*** Opening Given data ***

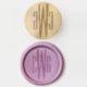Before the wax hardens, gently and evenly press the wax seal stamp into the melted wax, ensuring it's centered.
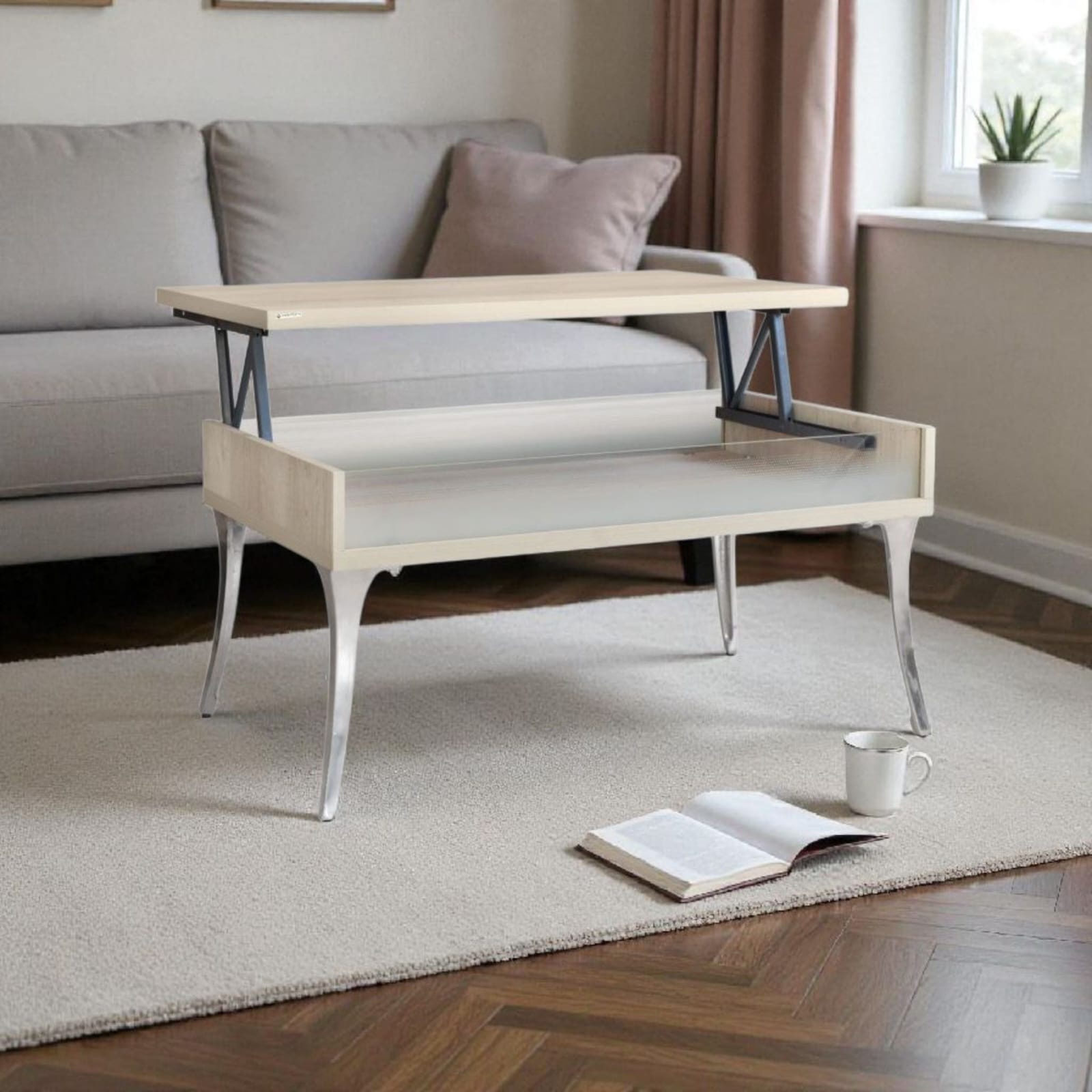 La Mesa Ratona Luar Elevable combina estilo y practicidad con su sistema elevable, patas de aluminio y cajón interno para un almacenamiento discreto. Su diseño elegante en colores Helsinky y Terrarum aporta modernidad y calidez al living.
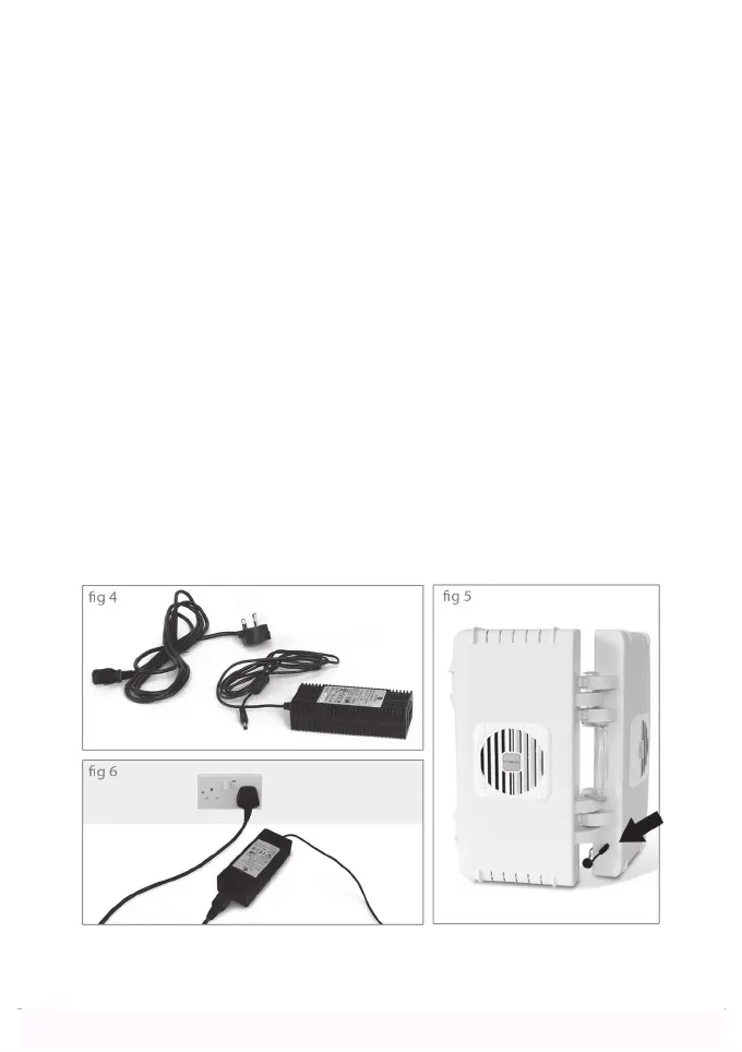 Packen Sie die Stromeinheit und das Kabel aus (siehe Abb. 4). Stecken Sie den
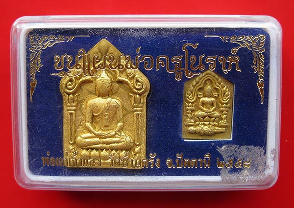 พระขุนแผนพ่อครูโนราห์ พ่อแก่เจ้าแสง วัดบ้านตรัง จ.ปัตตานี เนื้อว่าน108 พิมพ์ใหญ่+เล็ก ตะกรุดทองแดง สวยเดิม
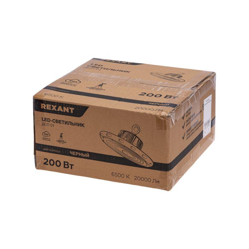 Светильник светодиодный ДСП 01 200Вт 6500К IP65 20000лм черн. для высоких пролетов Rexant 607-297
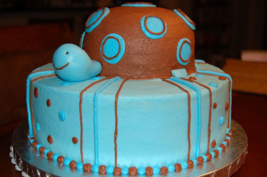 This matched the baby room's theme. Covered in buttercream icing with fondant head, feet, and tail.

*** Closing Given data ***

__Task to carry out__
Transcribe only the lines between the line containing "พระขุนแผนพ่อครูโนราห์ พ่อแก่เจ้าแสง วัดบ้านตรัง" and the final line of the listing, inclusive, exactly as they appear; no pictures are to be included.

__Exercise response__
 พระขุนแผนพ่อครูโนราห์ พ่อแก่เจ้าแสง วัดบ้านตรัง จ.ปัตตานี เนื้อว่าน108 พิมพ์ใหญ่+เล็ก ตะกรุดทองแดง สวยเดิม
 Светильник светодиодный ДСП 01 200Вт 6500К IP65 20000лм черн. для высоких пролетов Rexant 607-297
 This matched the baby room's theme. Covered in buttercream icing with fondant head, feet, and tail.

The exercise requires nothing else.